--- Supplied entries Enclosed Below ---

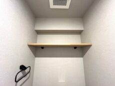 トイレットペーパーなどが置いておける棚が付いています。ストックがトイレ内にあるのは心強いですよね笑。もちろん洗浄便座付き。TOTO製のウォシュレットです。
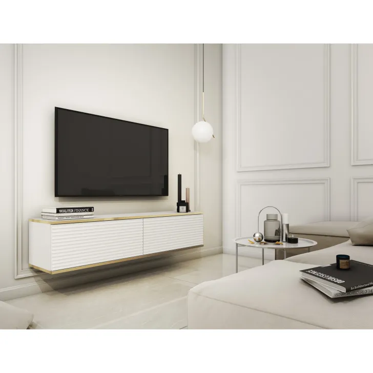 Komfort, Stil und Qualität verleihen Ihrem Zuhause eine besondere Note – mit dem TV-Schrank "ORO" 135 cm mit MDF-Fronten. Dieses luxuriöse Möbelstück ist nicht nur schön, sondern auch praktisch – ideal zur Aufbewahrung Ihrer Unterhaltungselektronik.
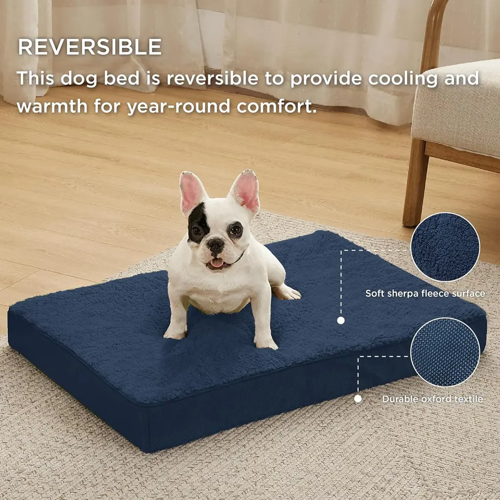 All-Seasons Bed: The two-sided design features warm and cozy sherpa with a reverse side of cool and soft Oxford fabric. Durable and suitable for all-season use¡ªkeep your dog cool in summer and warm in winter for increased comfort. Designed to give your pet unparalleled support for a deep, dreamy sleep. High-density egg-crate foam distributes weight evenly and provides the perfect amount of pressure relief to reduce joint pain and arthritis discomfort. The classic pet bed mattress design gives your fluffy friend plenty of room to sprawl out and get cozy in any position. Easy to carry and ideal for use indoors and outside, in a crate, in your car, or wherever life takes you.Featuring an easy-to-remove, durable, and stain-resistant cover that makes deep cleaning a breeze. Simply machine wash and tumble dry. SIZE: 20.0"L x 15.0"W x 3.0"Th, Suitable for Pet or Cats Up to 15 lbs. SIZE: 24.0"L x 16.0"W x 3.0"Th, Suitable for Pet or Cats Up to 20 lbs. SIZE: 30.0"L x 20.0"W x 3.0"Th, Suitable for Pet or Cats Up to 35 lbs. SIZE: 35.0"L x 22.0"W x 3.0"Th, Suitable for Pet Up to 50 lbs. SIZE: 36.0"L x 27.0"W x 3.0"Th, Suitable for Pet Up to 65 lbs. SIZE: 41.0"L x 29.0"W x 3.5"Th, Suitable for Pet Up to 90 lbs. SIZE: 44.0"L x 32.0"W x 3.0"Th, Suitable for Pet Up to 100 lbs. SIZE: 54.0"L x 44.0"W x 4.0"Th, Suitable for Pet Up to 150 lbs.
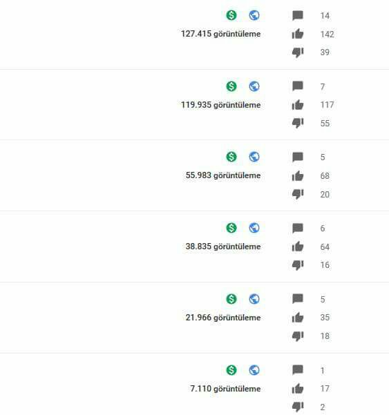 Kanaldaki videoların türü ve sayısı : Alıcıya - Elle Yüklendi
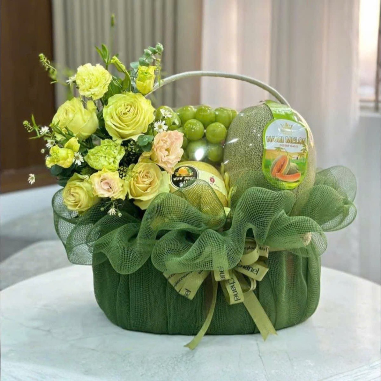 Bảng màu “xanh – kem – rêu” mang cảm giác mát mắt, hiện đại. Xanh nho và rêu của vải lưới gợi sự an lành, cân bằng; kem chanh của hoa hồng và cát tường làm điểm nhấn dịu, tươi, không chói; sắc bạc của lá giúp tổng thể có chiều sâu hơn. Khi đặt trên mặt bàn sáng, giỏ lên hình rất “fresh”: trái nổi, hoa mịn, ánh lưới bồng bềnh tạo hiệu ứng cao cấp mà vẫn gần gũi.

--- End of Enclosed Supplied entries ---

### [Directions for this task]
Starting where a line contains "Kanaldaki videoların türü" and finishing at the last line above, set down every line exactly as it reads, with no pictures.

### [Exercise answer]
 Kanaldaki videoların türü ve sayısı : Alıcıya - Elle Yüklendi
 Bảng màu “xanh – kem – rêu” mang cảm giác mát mắt, hiện đại. Xanh nho và rêu của vải lưới gợi sự an lành, cân bằng; kem chanh của hoa hồng và cát tường làm điểm nhấn dịu, tươi, không chói; sắc bạc của lá giúp tổng thể có chiều sâu hơn. Khi đặt trên mặt bàn sáng, giỏ lên hình rất “fresh”: trái nổi, hoa mịn, ánh lưới bồng bềnh tạo hiệu ứng cao cấp mà vẫn gần gũi.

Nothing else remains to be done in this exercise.